• **Provided data**
------------------------

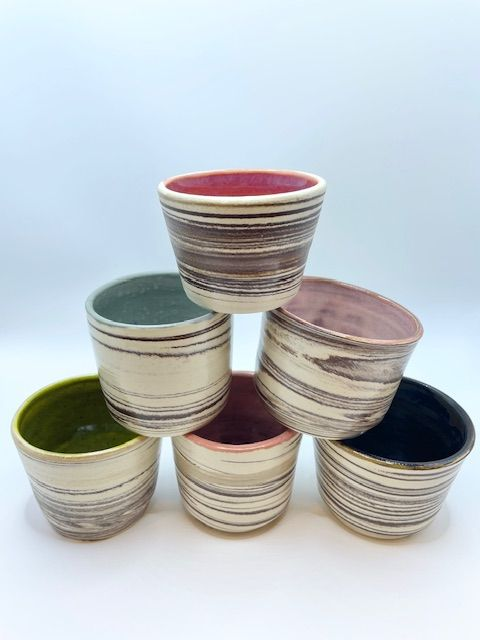 My ceramic journey began over 25 years ago. After a long hiatus, I rediscovered my love of clay and now spend many happy hours creating in my small WWII bunker—hence the name Bunkerpots.
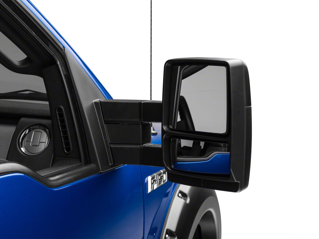 Enhanced Visibility. Ensure safe driving conditions by investing in a pair of Manual Extending Non-Powered Adjustable Towing Mirrors for your F-150. These mirrors easily eliminate hazardous blind spots that occur when towing long or wide loads. They feature a simple telescoping design that allows easy adjustments for a perfect view when backing up or cruising the highway.
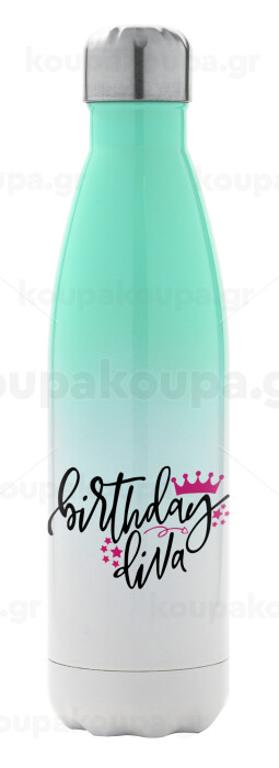 Birthday Diva queen, Metal mug thermos Green/White (Stainless steel), double wall, 500ml
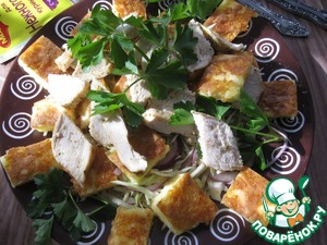 Теперь собираем салат, - на основу из капусты и лука выкладываем кусочки сырного блинчика, грудки, польем оставшимся соком от жарки мяса, красим зеленью и подаем!

------------------------

• **Directions for this task**
Restate the data exactly, though only from the line that contains "Birthday Diva queen, Metal" through its last line, both ends included and with the pictures left out.

• **Exercise result**
 Birthday Diva queen, Metal mug thermos Green/White (Stainless steel), double wall, 500ml
 Теперь собираем салат, - на основу из капусты и лука выкладываем кусочки сырного блинчика, грудки, польем оставшимся соком от жарки мяса, красим зеленью и подаем!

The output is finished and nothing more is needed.